Anlam 2: İnsanları hayran bırakan,tabiatüstü sayılan olay.
Anlam 3: İnsan aklının alamayacağı olay.
Bu güzel “Mucize”, Tanrı’nın armağanı olan güzeller güzeli Pamuk Prens bize, öylesine değerli ve başka hiçbir suretle öğrenmenin mümkün olamayacağı kadar değerli şeyler öğretmeyi başardı ki... Sadece ailesine değil aile çevresindeki birçok kişiye, arkadaşlarıma, onu televizyonda izleyen hiç tanımayan insanlara, gazetecilere, annelere, hekimlere...

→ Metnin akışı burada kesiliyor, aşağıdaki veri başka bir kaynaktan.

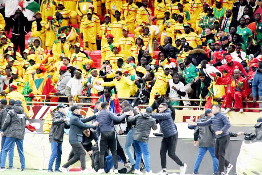 وامتدّت التوتّرات إلى المدّرجات حيث حاول عدد من مشجعي السنغال اقتحام أرضية الملعب مدة قاربت 15 دقيقة، حتى خلال استعداد إبراهيم دياس لتسديد ركلة الجزاء التي أهدرها في النهاية.
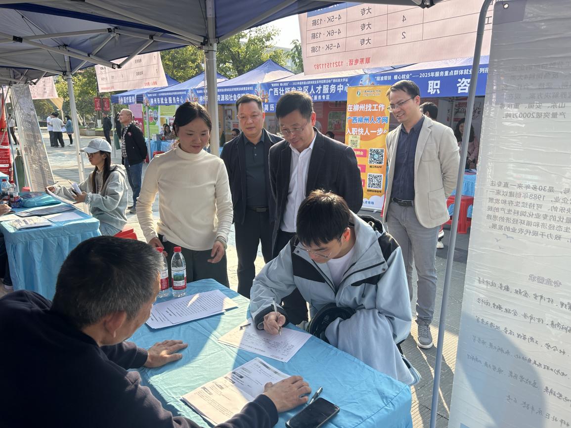 12月9日至10日,“精准帮扶,暖心就业”——2025年服务重点群体就业系列招聘活动(广西科技大学站)与“兴产聚才,‘园’梦启航”——2025年服务重点园区企业就业系列招聘活动(广西科技大学站)相继在我校文昌校区宗元北广场及柳东校区南广场顺利举行。学校党委副书记宾月景到招聘活动现场指导工作,深入了解企业发展与人才需求情况,推荐毕业生。

Artık 5 yaşına geldi Sarp.
Mide bulantısı, kasılma nöbetleri, ağızdan beslenme zorluğu gibi primer sancıları dindiğinden çevresi ile ilgilenmeye başladı, etraftan öylesine haberdar ki:
- Eve geldiğimde üzerime koşarak beni öpmeye gelen Doruk’un çığlığı ile Sarp'ın eve gelişimi anladığında içerden bana seslenişlerini duyan, en gaddar acımasız bir yüreğe dahi “Bir Kalp Taşıdığını Hissettirir" şiddette o seslenişin etkisi,
- Sandalyesinde oturmaktan rahatsız olduğunda rahatsızlığını dile getirişini görmek,
- Kucağımda iken, başka kimseye yapmadığı sadece annesi ile yapmaktan haz duyduğu, o kafa hareketi ile tenime burnunu, yanağını değdirmek için kafasını çevirmeye çalışırken ki gayretini görmek,
S-Saatlerce uyumayıp benim işten gelmemi bekleyerek kucağımda bulduğu huzurla bebekler gibi uykuya geçişini izlemek,
- İstemediği kişilerin kucağına gittiğinde türlü türlü direnişler göstererek “İTİRAZ” ettiğini görmek,
- Anne kucağında iken ona bebeklik zamanlarında öğrettiğim ilk kelimeyi “Avvvvv” diye haykırırken harcadığı insan üstü gayreti görmek ve annenin bunula mutlu olduğunun farkında oluşunu hissetmek;
- Sadece anne ve baba kucağında koynuna kondurulan öpücüklerle kahkahalarını dinlemek,
- Kullandığımız ilaçta yapılan değişiklikle “Çevreden daha haberdar”, algılarının daha açık olduğunu görmek,
- Sabahın en erken saatleri de olsa; uyandığında birinin onun yanına gitmesini isteyerek çıkardığı o sesleri yattığım yerden büyük bir haz ve şükürle dinlemek,
- Verdiğimiz bir uyaran sayesinde kahkaha attığını görmek…
Bu duygular sanırım bir annenin evladı ilk yürüdüğü anda yaşadığı mutluluğunu gölgede bırakacak kadar sevindirici şeyler.
Tüm bu mucizeleri bana yaşatan bu güzel çocuğun, dünyaya geliş sebepleri de öylesine çok ki, saymakla bitiremiyorum. Onun çevresinde oluşan bu güzel zincirin içine diğer Canavan hastası bebekleri alması, kendi sahip olduğu her türlü imkânı diğer bebeklere de sağlamak için oluşan zincire her yeni gün yeni bir halka eklenmesi, hiç tanımadığı bilmediği kardeşleri için alınan her yeni tekerlekli sandalye, ayakta durma cihazı, gönderilen her bir sarf malzeme ile hissettiğimiz ve bizim ayakta durmamızı sağlayan o dualar hiçbir şeyle değişilmeyecek kadar değerli bizim için.
Her bir hücremle sevdiğim bu güzel oğlanın daha niceöğretileri vareminim! Güzel günlerin bizi beklediğine emin olduğum kadar!